● Excerpted data
>>>

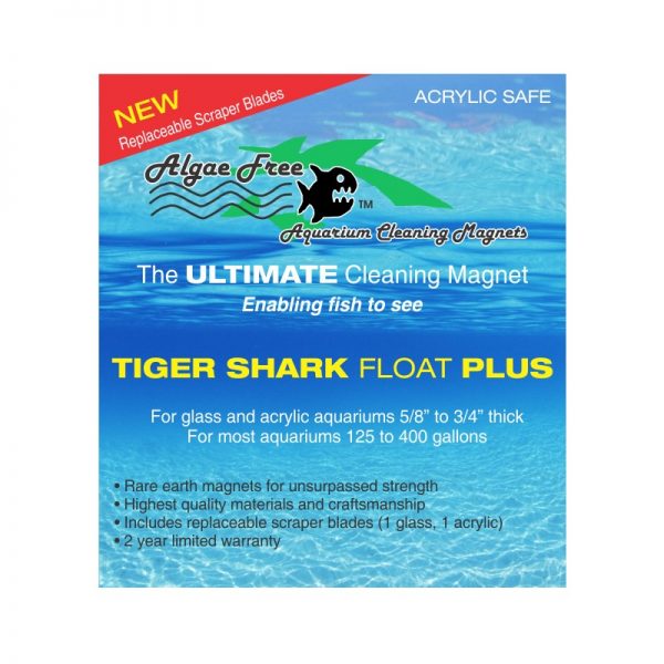 The new Tiger Shark Float Plus has a detachable and replaceable scraper blade for glass (stainless steel) or acrylic (plastic) aquariums and will make algae cleaning quick and easy.
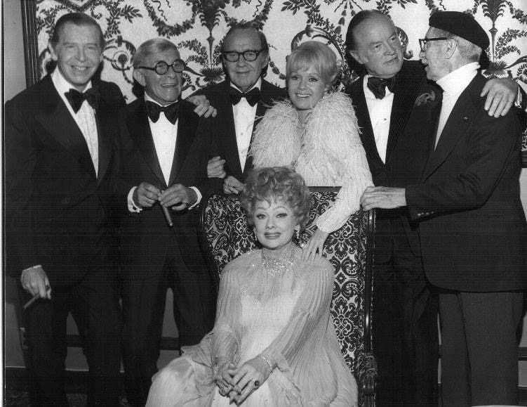 Photo: Lucille Ball honoured by a charity group. Photographed with fellow legendary clowns: Milton Berle, George Burns, Jack Benny, Debbie Reynolds, Bob Hope, and Groucho Marx.
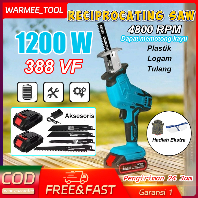 WARMEE Reciprocating Saw Cordless 1200W Gergaji Mesin Mini Pemotong Kayu Portable Gergaji Mesin Alat
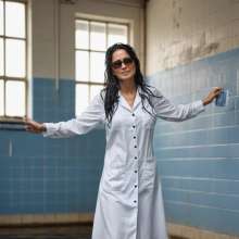 | Danielle is by the outdoor pool dressed up for a night out in a sexy satin dress and white heels. She first shows off her dress while dry and then she decides that the dress w... report | |
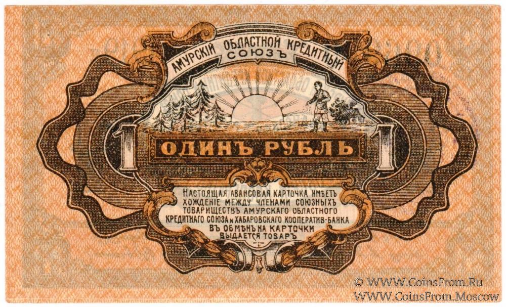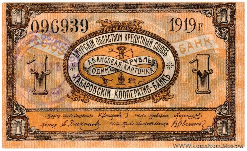 Авансовая Карточка 1919 г. Печать Амурского Областного Кредитного Союза на аверсе. Хабаровский Кооператив-Банк.
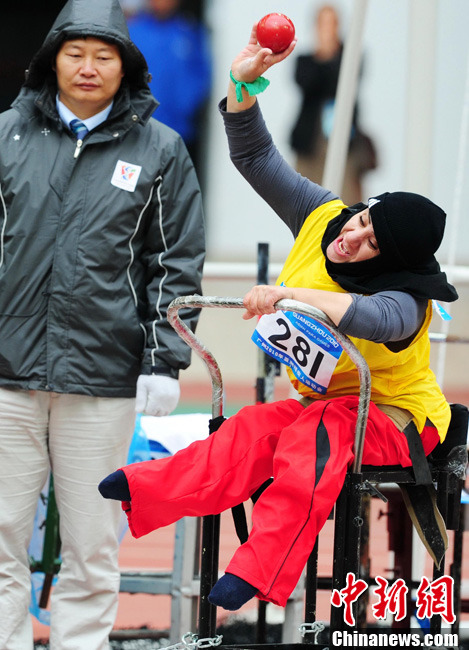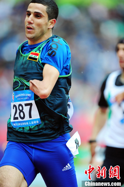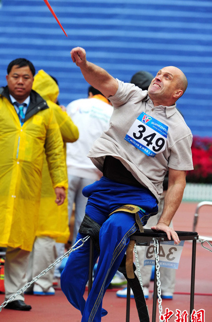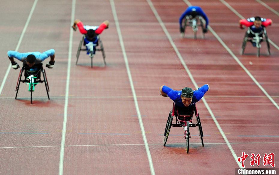 12月15日,廣州亞殘運(yùn)會(huì)田徑比賽進(jìn)入第2天,賽場上的男子T12級、T53級、T54級“雄鷹”在奧體中心飛翔。中新社記者 陳文 攝
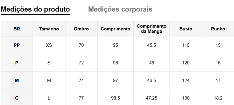 Disponível no tamanho PP, P, M e G, garantindo o ajuste perfeito para cada tipo de corpo.
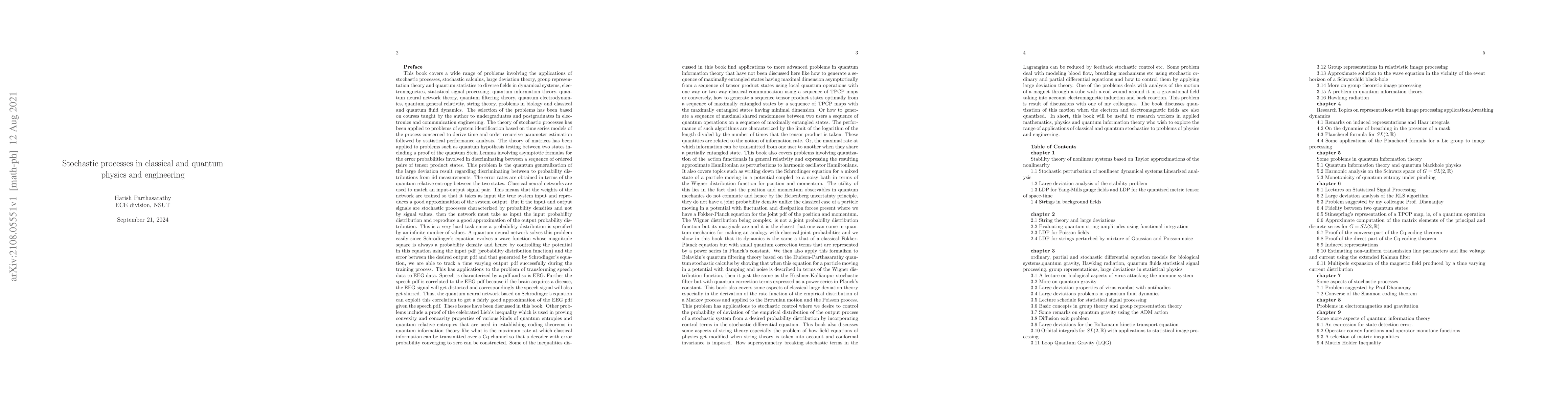This book covers a wide range of problems involving the applications of stochastic processes, stochastic calculus, large deviation theory, group representation theory and quantum statistics to diverse fields in dynamical systems, electromagnetics, statistical signal processing, quantum information theory, quantum neural network theory, quantum filtering theory, quantum electrodynamics, quantum general relativity, string theory, problems in biology and classical and quantum fluid dynamics. The selection of the problems has been based on courses taught by the author to undergraduates and postgraduates in electronics and communication engineering. The theory of stochastic processes has been applied to problems of system identification based on time series models of the process concerned to derive time and order recursive parameter estimation followed by statistical performance analysis.
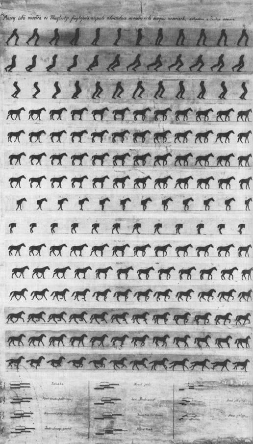 és Muybridge fényképein alapuló ábrázolása az ember és a ló mozgásnemeinek,
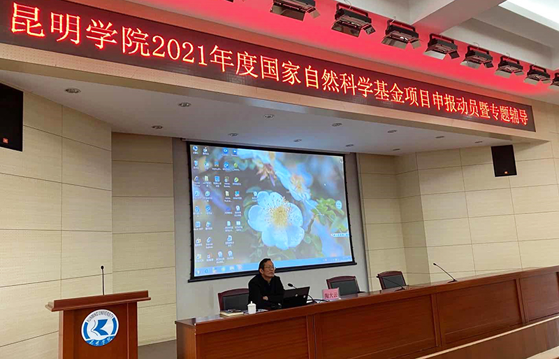 10月30日,学校召开2021年度国家自然科学基金项目申报动员暨专题辅导培训会。云南省农业科学院国际合作处处长陶大云研究员应邀到会上作了题为《如何做好基础研究》的专题报告。校长丁文丽出席会议并作项目申报动员,副校长马银海主持会议。各学院院长、分管科研副院长、科研秘书、科研骨干教师和科技处全体人员等150余人参加了培训会。
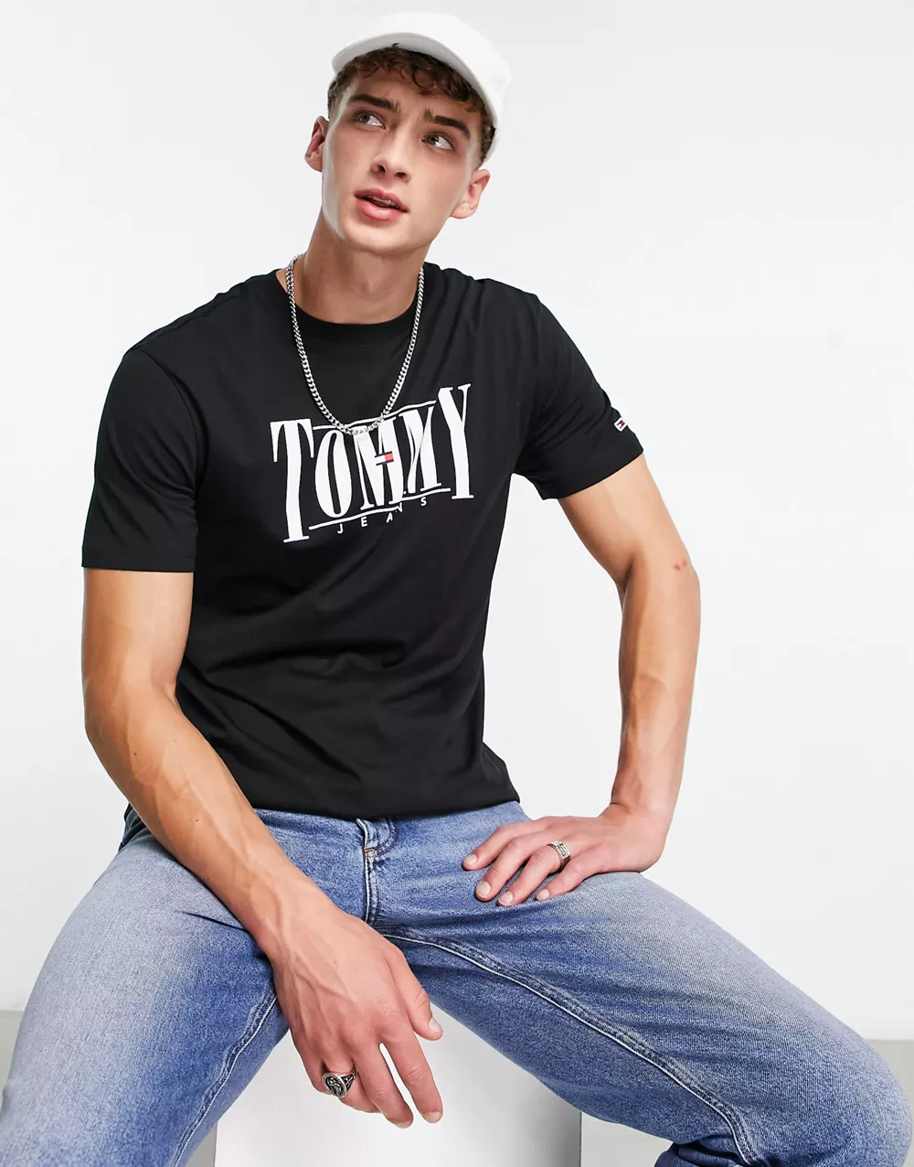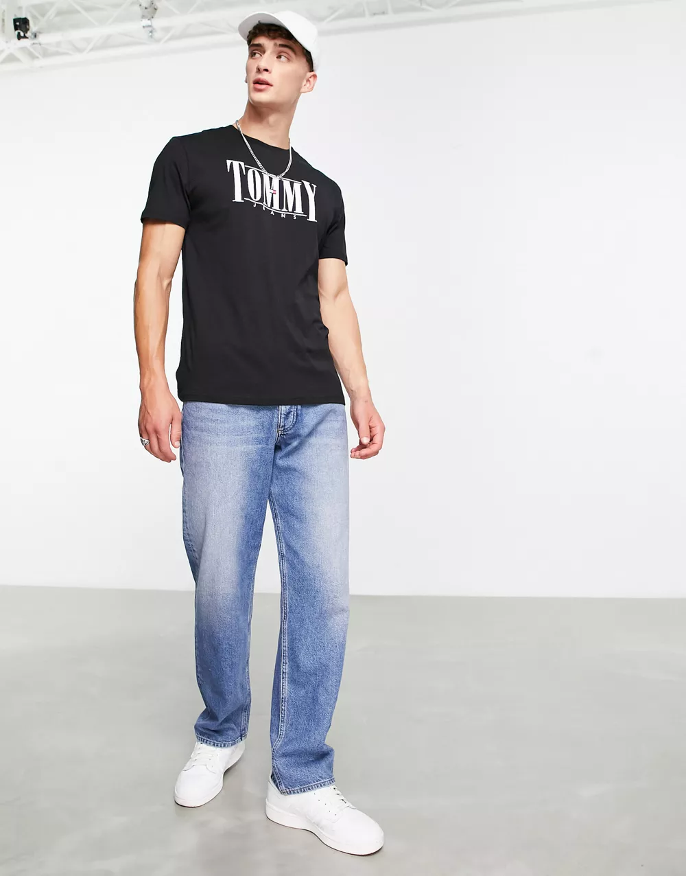 - Tommy Jeans cotton classic fit serif logo t-shirt in black

<<<

● What the exercise asks
Please return, without any change, the lines from the line containing "10月30日,学校召开202" through the last line of the entries, dropping the pictures.

● Response to the exercise
 10月30日,学校召开2021年度国家自然科学基金项目申报动员暨专题辅导培训会。云南省农业科学院国际合作处处长陶大云研究员应邀到会上作了题为《如何做好基础研究》的专题报告。校长丁文丽出席会议并作项目申报动员,副校长马银海主持会议。各学院院长、分管科研副院长、科研秘书、科研骨干教师和科技处全体人员等150余人参加了培训会。
 - Tommy Jeans cotton classic fit serif logo t-shirt in black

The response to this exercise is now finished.